The sink is full of dirty dishes. I promised to sweep and mop the hardwood floors. I have washed all the clothes and bedding. I need to clean the bathrooms and kitchen really well before I take off so my husband has a clean and organized house.
My packing is not finished but my car is already nearly full. I still need to pack my clothes and all my kitchen stuff and superfoods - oh, and my oil and water paints.
Yet all I can think about is SEDONA and the life that is awaiting me there.

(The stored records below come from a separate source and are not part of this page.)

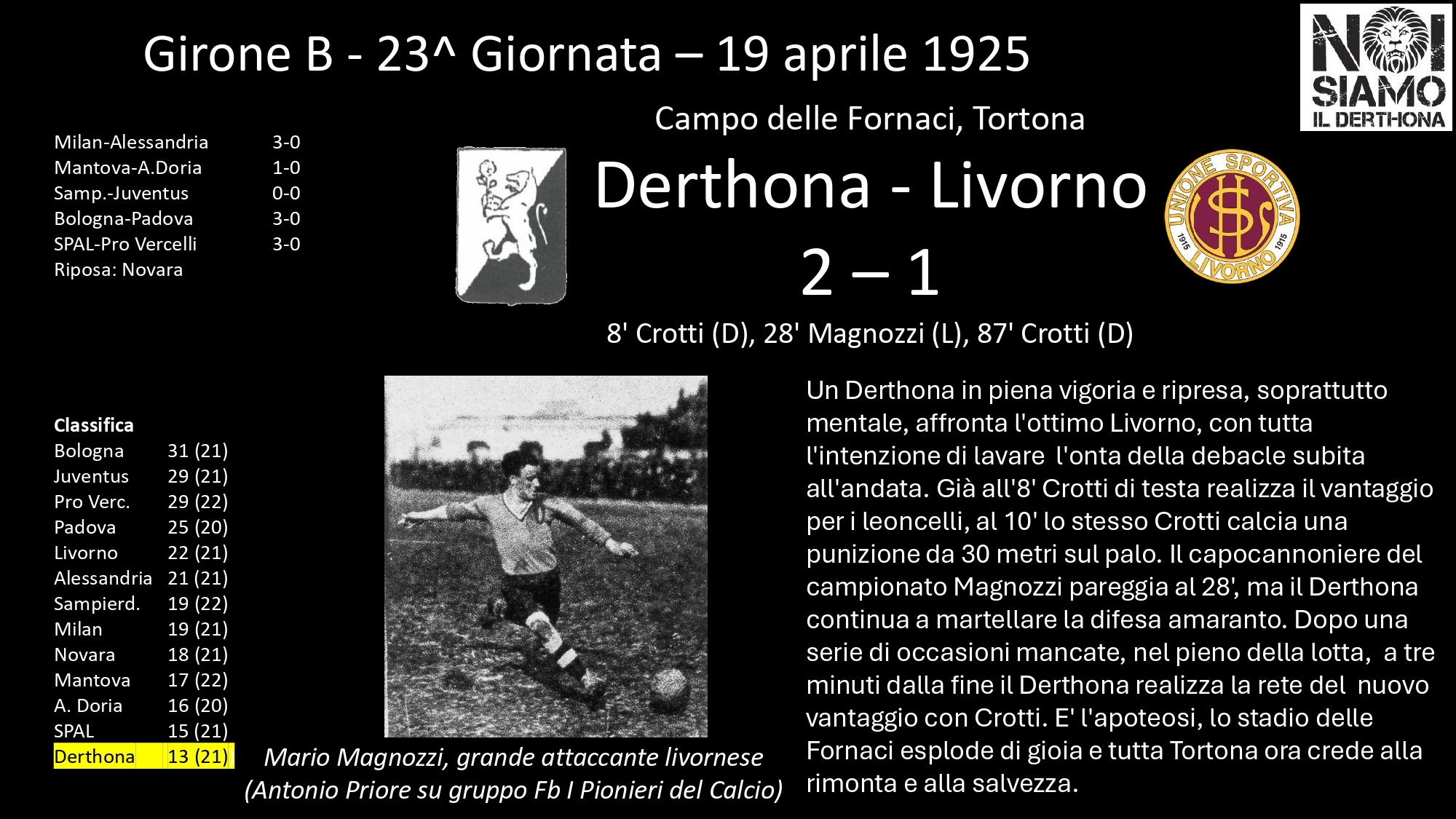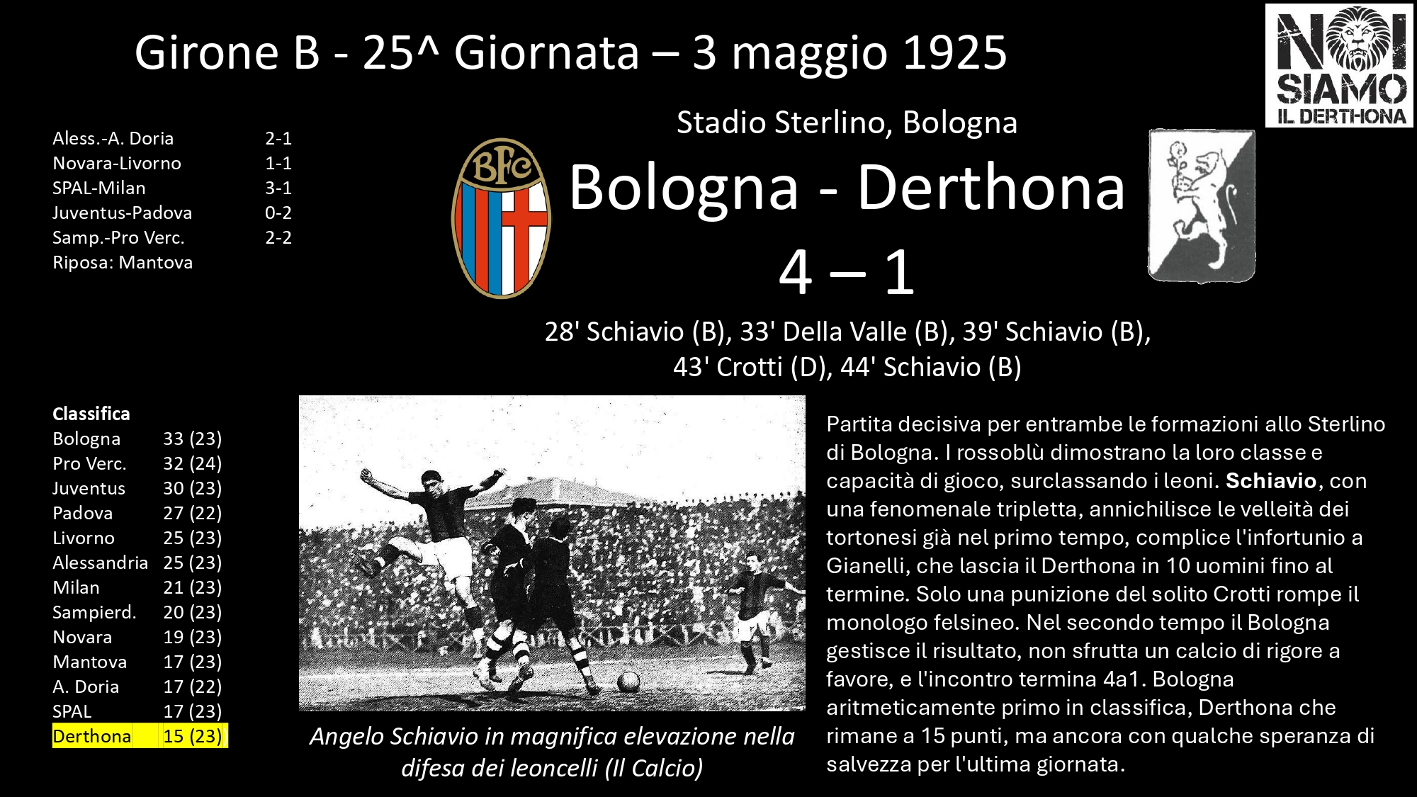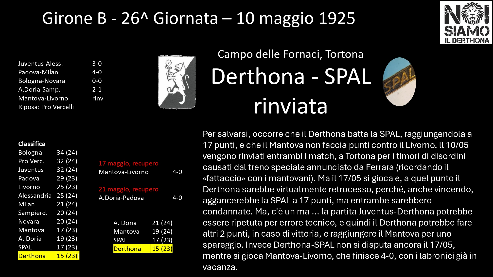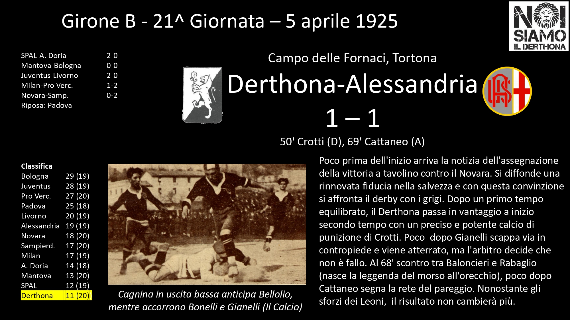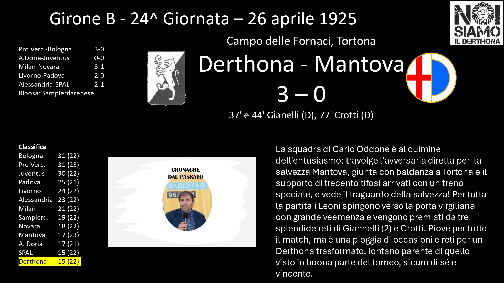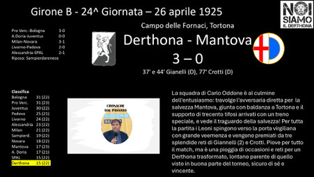 Cronaca delle reti di Derthona-Mantova 3-0 del 26 Aprile 1925, a cura di Domenico Cremonte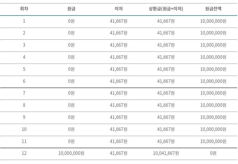 1회차부터 11회차까지 대출금액 천만원에 대한 약정이자 41,667원을 납부하다가 12회차에 원금+이자를 납부하는 방식입니다.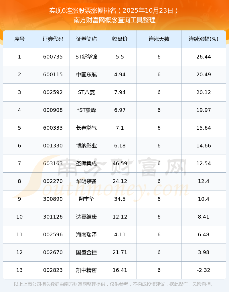 2025年10月23日實(shí)現(xiàn)6連漲股票漲幅排名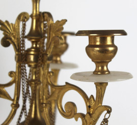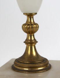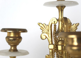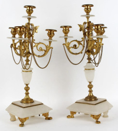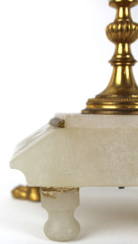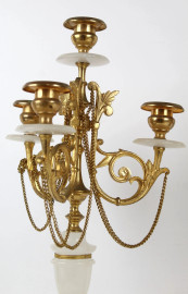 Coppia di candelabri a quattro fiamme in onice ed antimonio, Francia, inizi XX secolo, alt. cm 43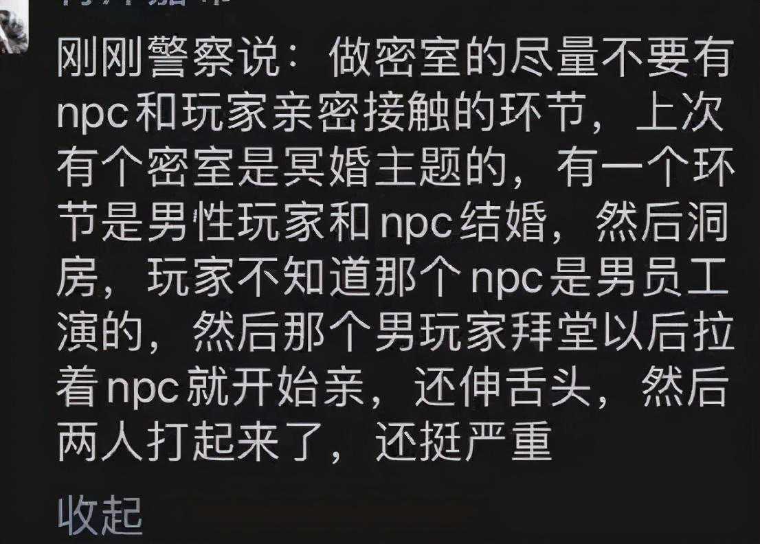 之前新闻报道了这样一个令人瞠目结舌的案例,当时是一个冥婚主题的剧本。要求男玩家和NPC扮演的新娘拜堂,谁知这个男玩家抱着“新娘”就是亲吻,甚至是舌吻。

I found this picture online and it's not mine but the words are mine. I used to think I was a failure. That I wasn't good enough. That I was weak and a follower even though my lion heart felt differently. I AM strong. I AM good enough. I AM a leader of my own Path. And I can't wait to get in my car Saturday morning and head towards everything that awaits me on the path that I've been forging for all these years. Who knew that the shy and sensitive little country girl from Nebraska would someday be a 45 year old recently empty nester, newly separated (from her second marriage), raw foodie and Mystical Sage on the verge of the most fantastic and solitary journey of her life. Not me. I'm grateful for all my "mis"-steps in Life because without them I'd not be where I am today. My future holds so many unknowns but I'm ready for them because I head into it with an Open Mind and a Heart full of LOVE.